23.07.13

A vueltas con la música marchosa

A las 8:01 PM, por Raúl del Toro
Categorías : General

 

Estos días, con ocasión de la JMJ que se va a celebrar en Río de Janeiro, el tema de la música relacionada con las celebraciones de la Iglesia está de actualidad. Es conocida la gran afición de los brasileños por el baile, así como los intentos de evangelización que se están dando en Iberoamérica y en otros lugares tomando pie en este aspecto. Suele afirmarse muy apresuradamente que el supuesto éxito “evangelizador” que diversas corrientes protestantes están teniendo en Iberoamérica tiene que ver con que utilizan música marchosa. En consecuencia, desde ciertos sectores de la Iglesia Católica se viene proponiendo seguir la misma estrategia. 

Ante todo, me parece imprescindible distinguir dos ámbitos: por una parte el de la música de la liturgia, y por otro el de la música empleada en otro tipo de actividades. 

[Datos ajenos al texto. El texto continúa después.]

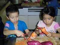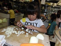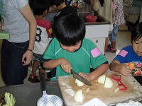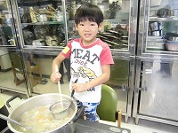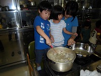 ↑みんなで協力して、ごはんと豚汁を作りました。自分たちでつくった豚汁は最高でした!
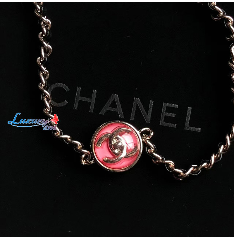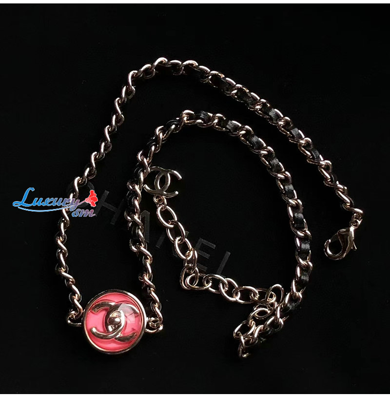 CHANEL-7205 샤넬 골드/핑크 CC 로고 체인 목걸이
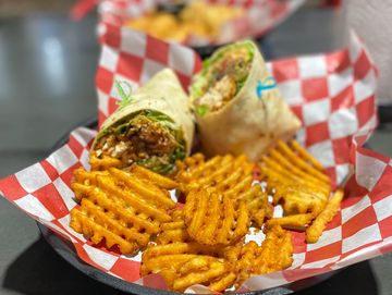 Wraps served on a plain, tomato basil, or jalapeño cheddar wrap.
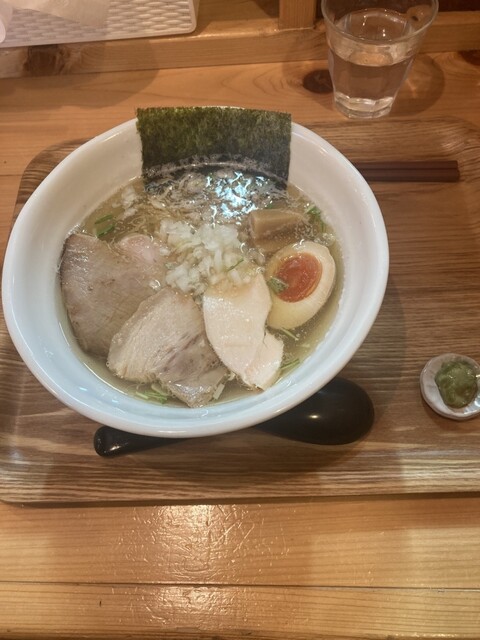 細麺が選べます。ラインナップは醤油と同じかな、肝心のスープは、あー、これが塩なのかーと感動します。一口目のインパクトから風味が少しずつ変わるというか慣れてきていろいろ美味いなーと。そして、味変にどうぞ、とワサビ。スープほんの少し足してゆるくしてある。芸が細かい。最後の最後にワサビたしてのスープ、あらー、これは美味しい。そしてテーブルに両肘ついてドンブリ持ち上げてズズズズーっと飲み干しちゃう。ラーメン屋はこうでなくては。やめられませんね。

Sobre el estilo de música empleado en este segundo grupo de actividades extralitúrgicas poco hay que decir. A menos que nos introdujéramos en la reflexión sobre los derroteros culturales, estéticos y musicales en que se ha acabado metiendo la cultura de masas del Occidente rico y obsesionado freudianamente con rechazar su origen cristiano. Pero esta es otra cuestión.

A mi juicio la cuestión más importante está en la música empleada en la liturgia, denominada tradicionalmente Música sacra o música sagrada. 

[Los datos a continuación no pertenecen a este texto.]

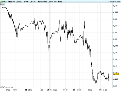 UK 100 Index called to open -8pts at 6409, making it another negative start and having given up more ground sharply yesterday from the festive peak around 6650. This maintains the trend of falling highs from September, backed up by falling highs on the daily RSI, with potential for a full retrace to the Oct/Dec/2014 lows around 6100. The 6400 level was regained before the US close, but we are back testing it as we write. Watch levels: Bullish 6450, Bearish 6375

Deseo centrarme ahora en el estilo de la música. La cuestión es muy amplia, y lógicamente no hay  posibilidad de trazar aquí siquiera un bosquejo panorámico. Así que dejaremos fuera aspectos como el de la calidad técnica/artística debida, las implicaciones “antropológicas” que un estilo u otro tienen en “la parte humana” de la oración, etc.

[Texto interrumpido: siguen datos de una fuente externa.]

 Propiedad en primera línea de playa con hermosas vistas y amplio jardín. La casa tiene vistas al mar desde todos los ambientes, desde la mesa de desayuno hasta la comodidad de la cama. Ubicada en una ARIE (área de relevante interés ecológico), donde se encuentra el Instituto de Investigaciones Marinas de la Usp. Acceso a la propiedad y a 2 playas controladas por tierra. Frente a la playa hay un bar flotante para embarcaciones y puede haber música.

Yo quisiera llamar la atención sobre la tradición. Quizá para los grupos pentecostales citados esta palabra no tenga demasiado valor, pero para la Iglesia sí lo tiene, y mucho: remite al modo en que la acción del Espíritu Santo, prometida a la Iglesia por Jesucristo, se ha ido materializando en la realidad concreta a través de los siglos, dando lugar a un crecimiento orgánico, armónico y sin más contradicciones que los errores y rectificaciones propios de los hombres.

A continuación voy a mostrar a los lectores una selección de textos magisteriales relativos a la música litúrgica desde el siglo IV hasta la segunda mitad del siglo XX. En ellos vamos a ver cómo la enseñanza ha sido siempre la misma: la música empleada en el culto debe ser estar libre de cualquier característica que vaya en menoscabo de la sacralidad de la liturgia, y por ello la exigencia concreta siempre ha sido rechazar las características de estilo que en cada momento han supuesto una  evocación obvia a lo profano.

San Jerónimo (s. IV-V), en sus Comentarios a la Epístola a los Efesios ya establece una clara distinción entre el ámbito sacro y el profano. Al comentar la expresión paulina cantad y tocad con toda el alma para el Señor (Ef. 5, 19) avisa reciamente:

Que oigan esto los jóvenes, los que tienen en la iglesia la función de cantar: que no se debe cantar con la voz, sino con el corazón; ni suavizar la garganta y la boca con dulces medicinas como se hace en los teatros, de modo que en la iglesia se escuchen melodías y cantos  teatrales (…) (libro III, capítulo 5)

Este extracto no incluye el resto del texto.